Патрисия Данкер - Семь сказок о сексе и смерти
В следующие несколько мгновений все происходит так быстро, что я ничего не успеваю понять. Вот Папи, он стоит на дороге и целится. Я слышу, как несколько машин спускаются по серпантину за моей спиной. А из-за поворота с опущенными головами, привстав на сиденьях, появляются парижане. Они мчатся вверх на своих гоночных велосипедах, темные очки приклеились к лицам, как черные маски ныряльщиков, рты раскрыты. Они видят, что Папи целится прямо в них. С воплями испуга и ярости они проносятся мимо. Они что-то кричат, но я не понимаю ни слова, потому что когда они задевают меня локтями, из леса выскакивает кабан, по пятам за ним мчатся собаки; кабан несется через дорогу. Папи дважды стреляет, и огромный фонтан теплой крови орошает нас обоих; кабан останавливается, шатается, оседает, падает. Мы слышим, что парижане все еще кричат. Они почти проехали следующий поворот дороги за нашими спинами. Я тоже кричу.
Я в полном ужасе. Раньше мне в голову не приходило, что бродящие по холмам кабаны — это страшно. Теперь я вижу: да, очень страшно. Зверь огромен, у него гигантские желтые клыки. Я больше никогда не пойду гулять в горы. Папи смотрит на кабана и на кровь, которая льется на дорогу. Видимо, он прострелил чудовищу сердце. Собаки кружатся рядом, тявкают, пускают слюну, принюхиваются к крови.

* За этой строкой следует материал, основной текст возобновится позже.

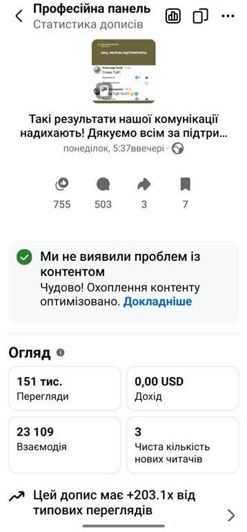 За добу цей допис зібрав значні охоплення на ФБ: станом на 12:00 31 грудня його переглянули понад 151 тис. людей та понад 700 користувачів вподобали.
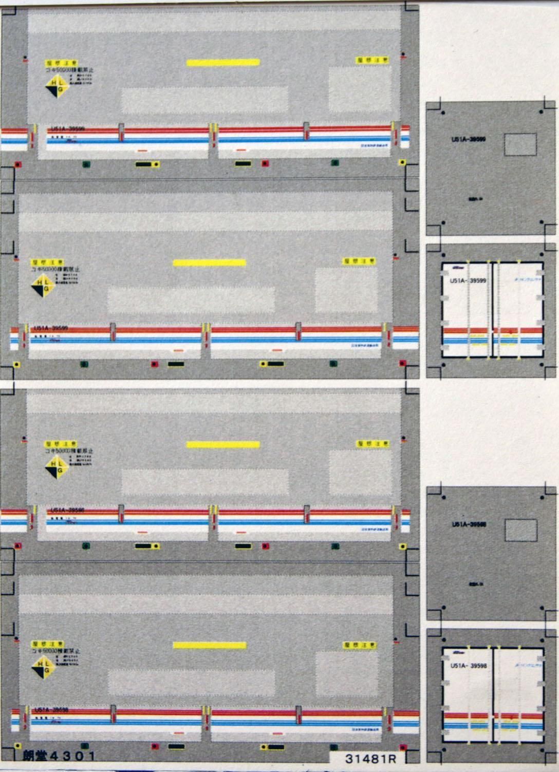 Nゲージサイズの31ftコンテナ「U51A 元TONAMI」を再現できるデカールです。大きさは朗堂C4301 にあわせています。2個分収録してあり、番号はU51A-39598,39599になります。写真ではコンテナの地色の灰色が印刷してありますが、デカールはクリヤーデカールでお届けします。尚写真のようなコンテナの地色を印刷したものもありますので、そちらを希望の場合はお申し付けください。
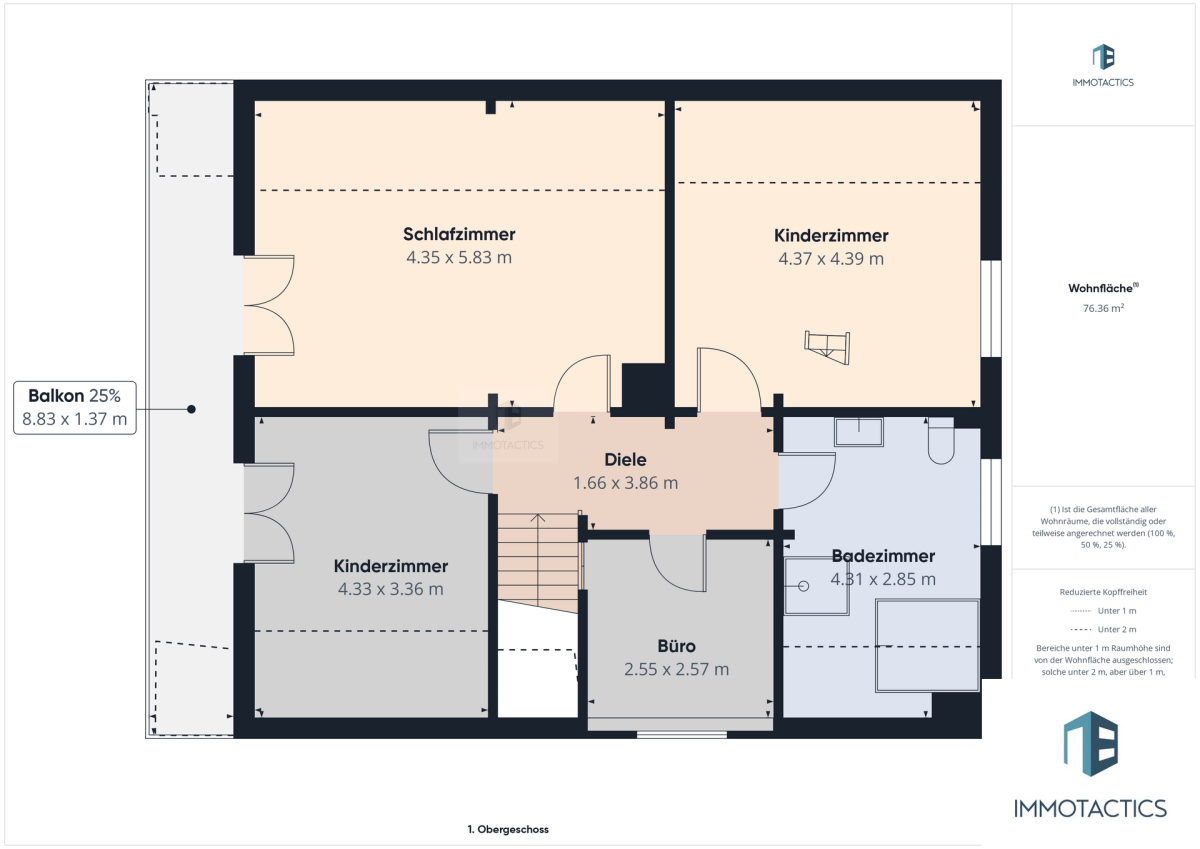 Im Obergeschoss erwartet Sie ein helles Schlafzimmer, weitere Zimmer für Kinder sowie ein Tageslichtbad, das mit einer komfortablen Fußbodenheizung ausgestattet ist. Diese sorgt nicht nur für angenehm warme Füße, sondern verteilt die Wärme gleichmäßig im gesamten Bad und schafft dadurch ein behagliches Wohlfühlklima. Ein Zimmer verfügt über eine Empore, die sich als gemütlicher Schlafplatz oder als erhöhte Spielecke nutzen lässt – ein Detail, das Kindern gefällt und den Raum flexibel macht. Alternativ kann die Empore auch als zusätzlicher Stauraum genutzt werden. Der langgezogene Balkon unter dem Dach schützt vor Wetter und erweitert in den warmen Monaten den Wohnbereich nach draußen.
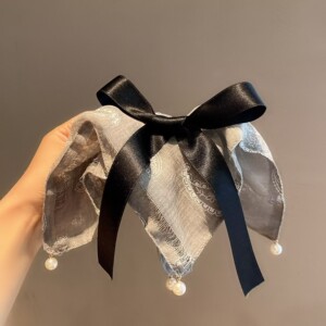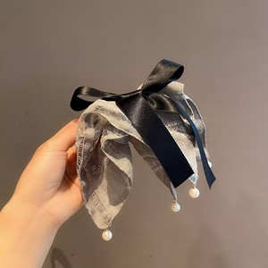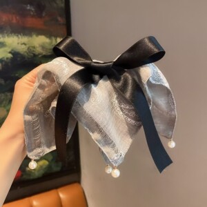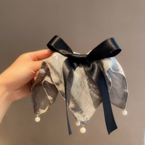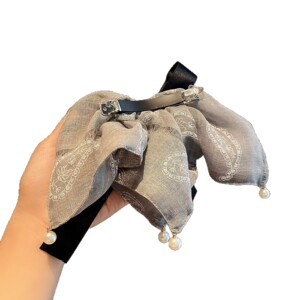 高级感亚麻灰色印花蝴蝶结弹夹女时尚气质珍珠后脑勺发卡新款发饰
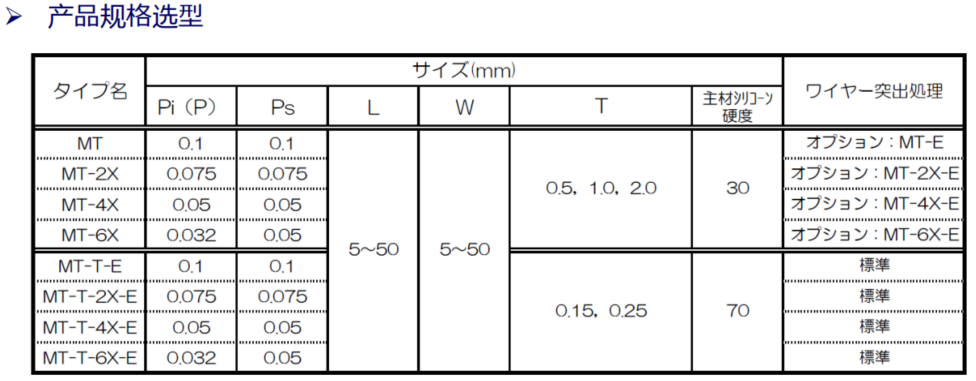• 提供密度更高的金属细线类型,具有低负荷和良好接触性的类型,适用于设备的小型化和高
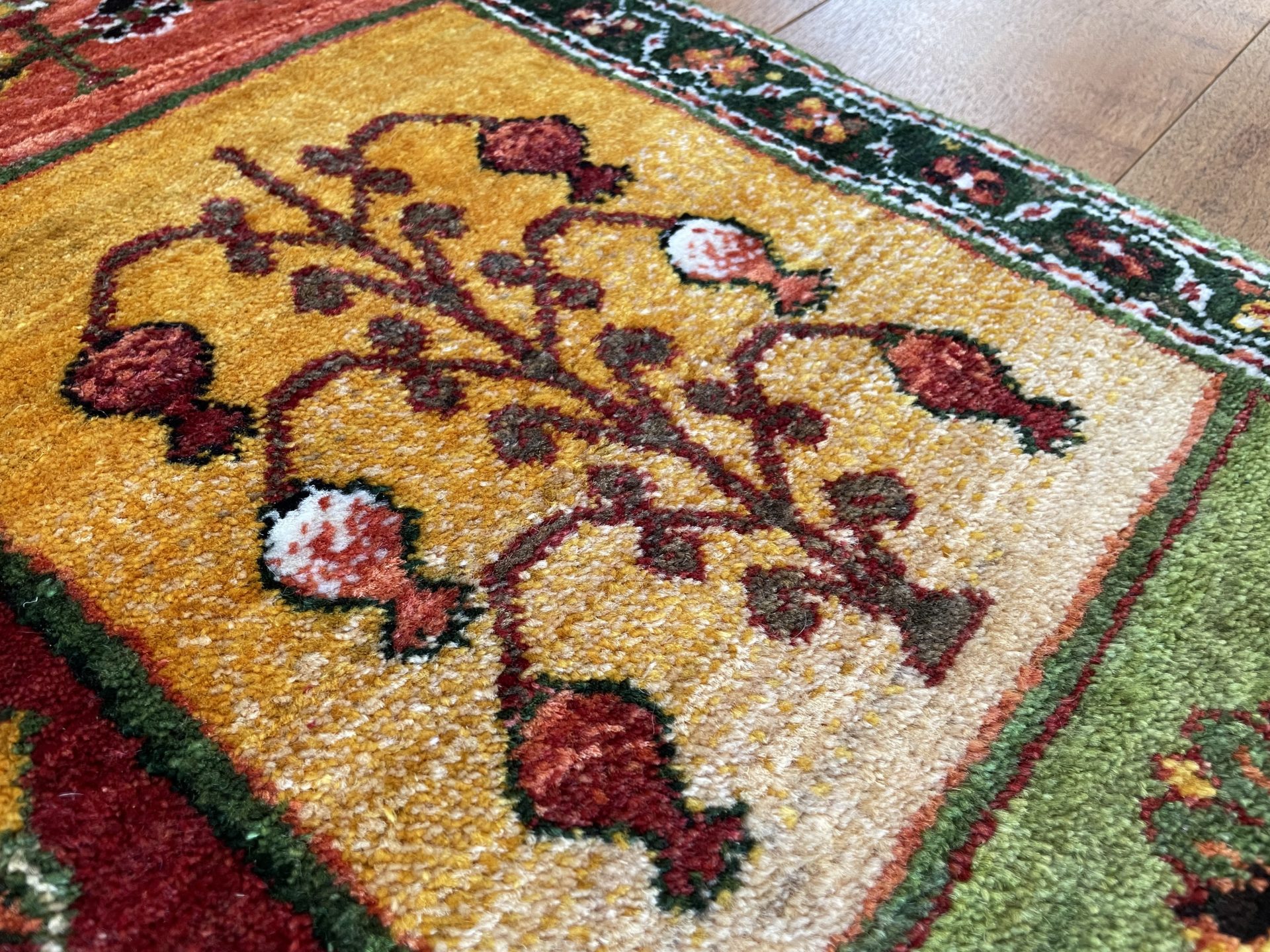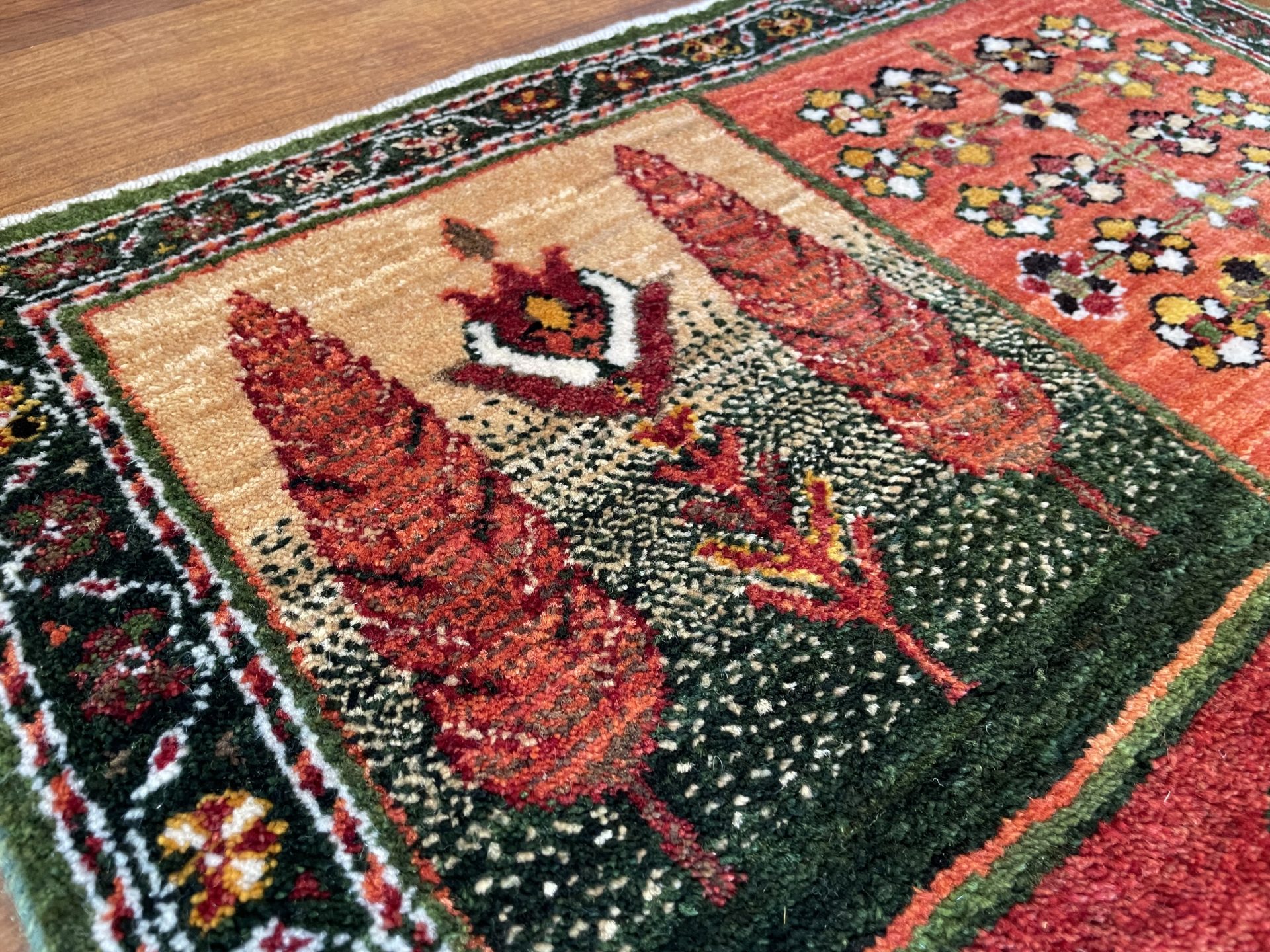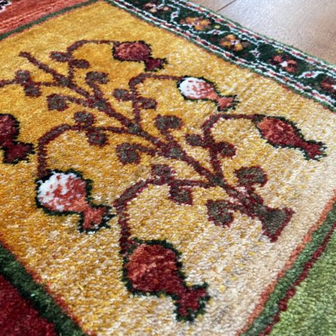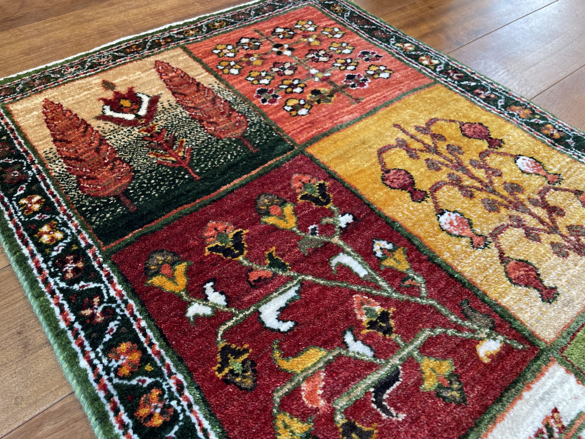 緑やピンク、黄色など沢山の色が使われた多彩で個性的なギャッベ。魔除けを表す狼の足跡で縁取りされ、楽園を表す六つの四角の中には子孫繫栄のザクロや永遠の命の糸杉が描かれています。六つの四角の中にはそれぞれ違う文様が一つ一つ丁寧にえがかれており、まるで絵画のように美しく高級感のある贅沢な一枚ですね^^壁掛はもちろん玄関やソファーサイドにあるだけでお家のが華やかになる存在感のある作品です。
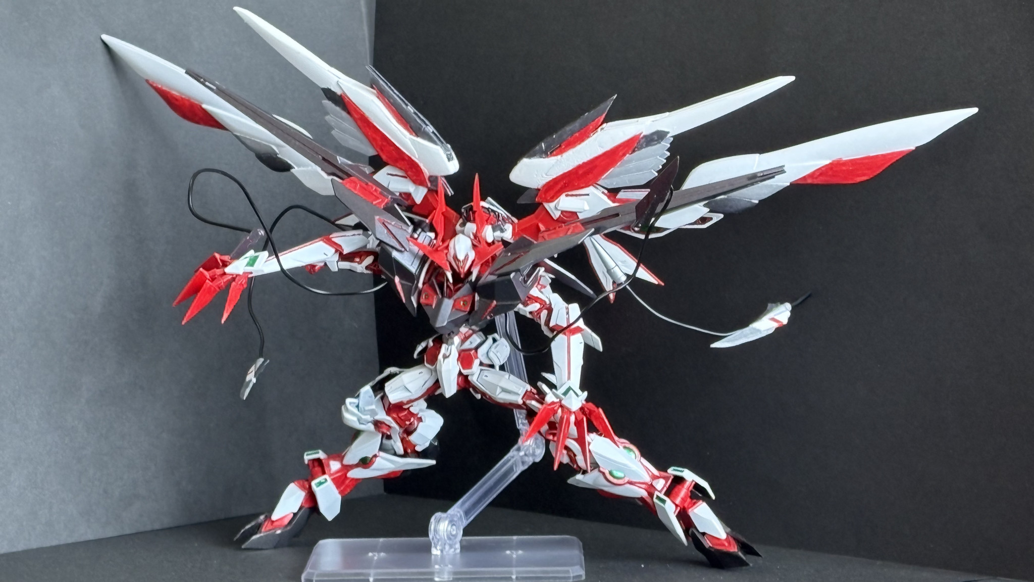 羽全展開&ワイヤークロー全展開。書いてる最中でももうオキシトシンとアドレナリンが湧き出てきます。いい加減まともな背景紙を買え私。どうしよう。せっかく敢えてつけなかったヘイロゥを付けたくなってきましたね。でも悪魔なのでやっぱりダメです。
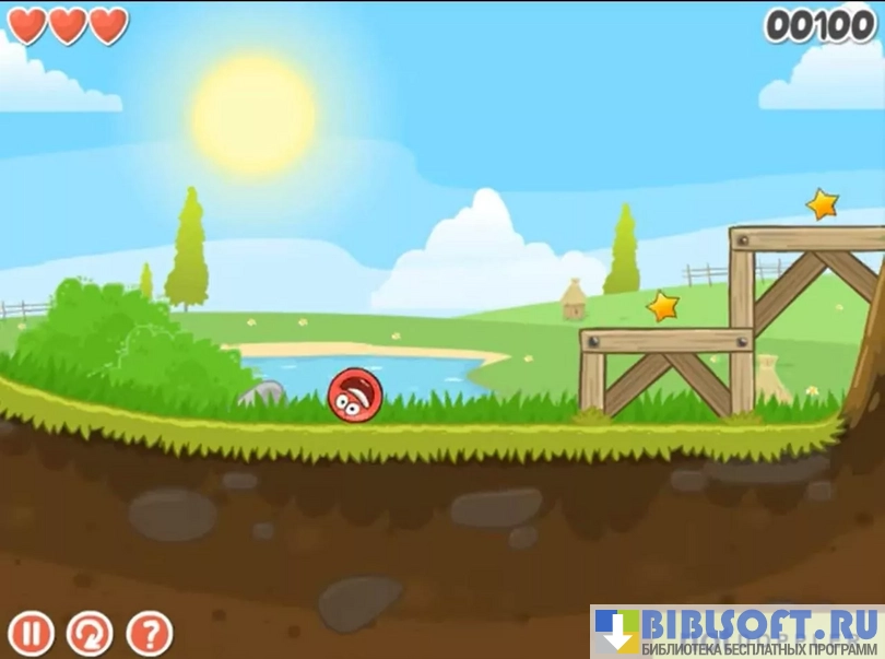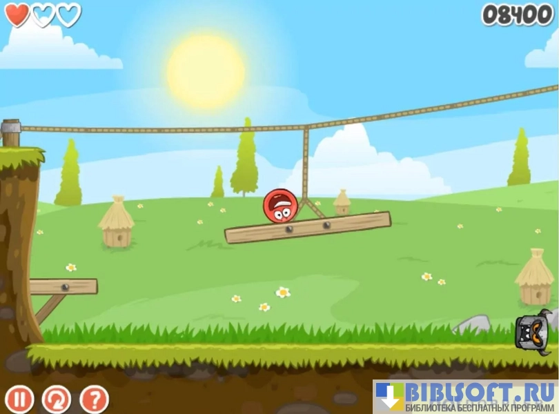 - красный шар катится и прыгает по локациям;
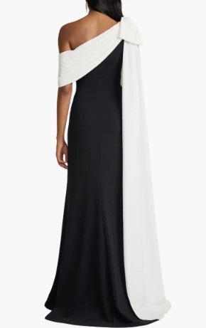Tadashi Shoji Romi ワンショルダー ケープボウ ロングドレス|バイカラーフォーマル|ブラック、ホワイト
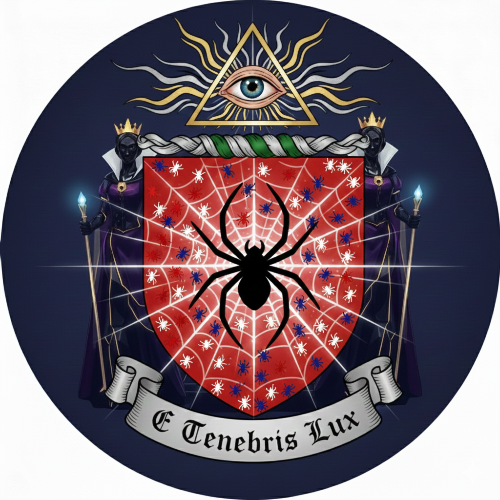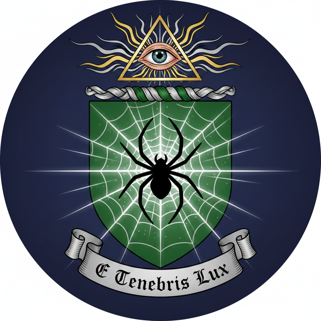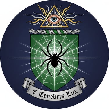 This Coat of Arms represents that discovery. It honors a moment of raw, magical clarity—a spider weaving photons—and anchors it in the disciplined structure of architectural math. From the 'scattered' spiders to the 'all-seeing' crest, this design serves as a permanent reminder of my core philosophy: Never think you know everything, as that is the devil’s blindspot. True light—E Tenebris Lux—is found only by those humble enough to keep looking for the patterns."
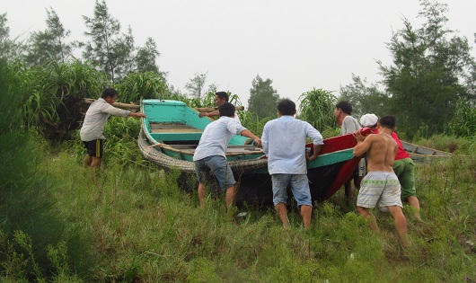 Còn ở vùng biển bãi ngang, những chiếc thuyền cùng lưới và ngư cụ được bà con khoanh vác và kéo, chở vào sâu trong bờ trú ẩn.
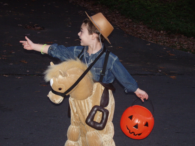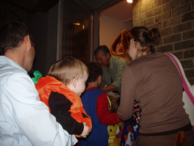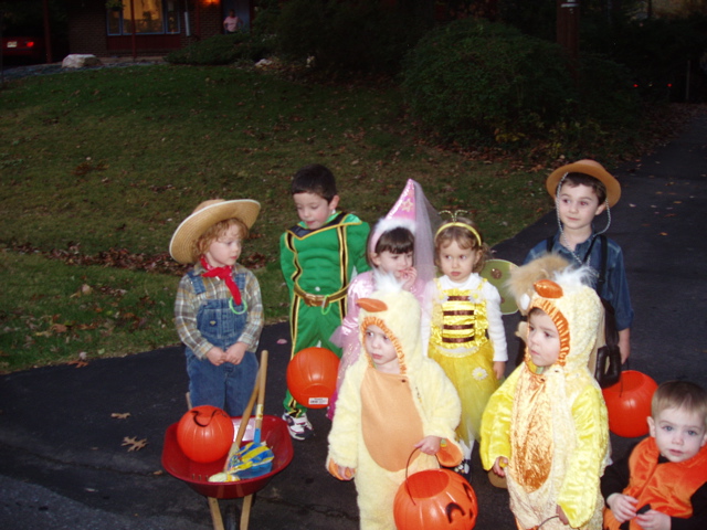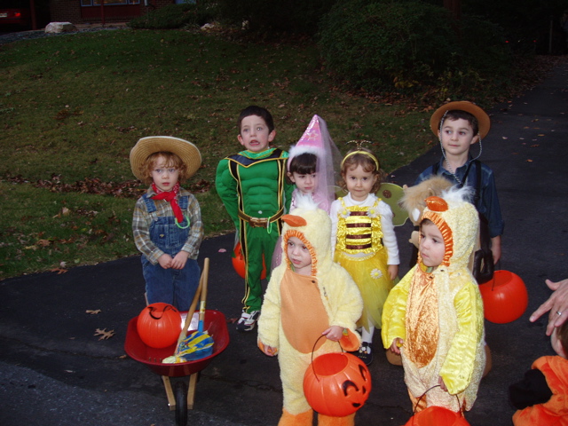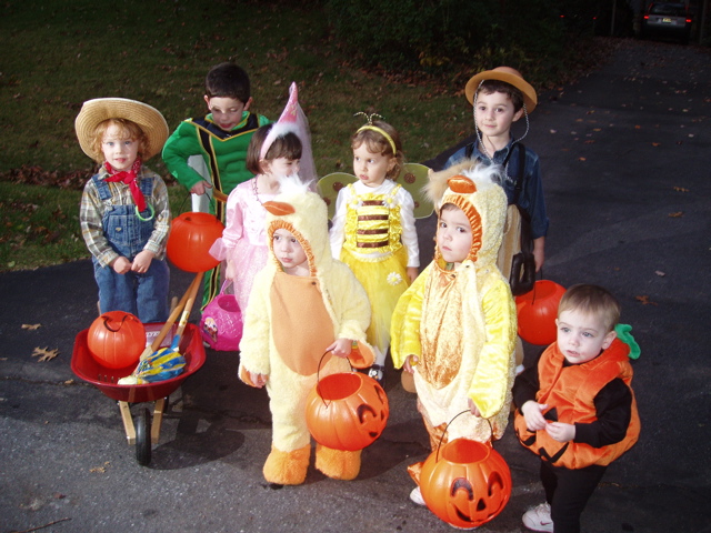 Evan and Dara Baylinson organized a traveling troupe of trick-or-treaters on Halloween!
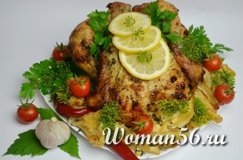 В рецепте описано как запечь курицу в духовке целиком. Такое блюдо можно с гордостью поставить на стол, оно не кажется повседневным, красивая золотистая тушка смотрится внушительно, переливаясь всеми оттенками золотистого цвета. Запеченный картофель - приятное дополнение, классический овощной гарнир понравится всем. Если говорить о технологии процесса приготовления, то его можно охарактеризовать всего одной фразой - проще простого. Майонез - волшебный продукт, его присутствие заставит отказаться от сложных маринадов и экзотических соусов. Ингредиенты рецепта: Как запечь курицу в духовке целиком – рецепт с фото Запекают куриные тушки, которые ранее не подвергались замораживанию. Охлажденную курицу моют, а потом тщательно протирают бумажным полотенцем. Курицу со всех сторон натирают солью. Смешивают молотый перец с сушеными итальянскими травами, равномерно распределяют приправы по тушке, не забывая о внутренней части. Набор итальянских трав можно заменить сушеным укро

Потом вокруг возникают полицейские, везде, отовсюду; хватают ружье Папи, орут. Из дырок в капюшоне на меня таращатся глаза, и закрытый рот изрыгает очередь невразумительных криков.
Я поворачиваюсь.
Полицейские — везде, в темно-синей форме, в лыжных масках, будто штурмуют захваченный террористами самолет. У меня возникает странная мысль, что нас с Папи сейчас показывают по телевидению. Потом я вижу, что на дороге за нашей спиной грудой лежат гоночные велосипеды и два трупа. И я кричу —
— Vous avez tué les Parisiens![67]
— Заткнись! — рявкает один из убийц в маске. — Иди-ка домой, дедок! — орет он Папи. Старик отважно выхватывает у него свое ружье.
— Я не собираюсь оставлять этого кабана посреди дороги. Я его только что застрелил. И я иду домой за своим фургоном. Мой человек позаботится о том, чтобы вы его не тронули, пока меня нет.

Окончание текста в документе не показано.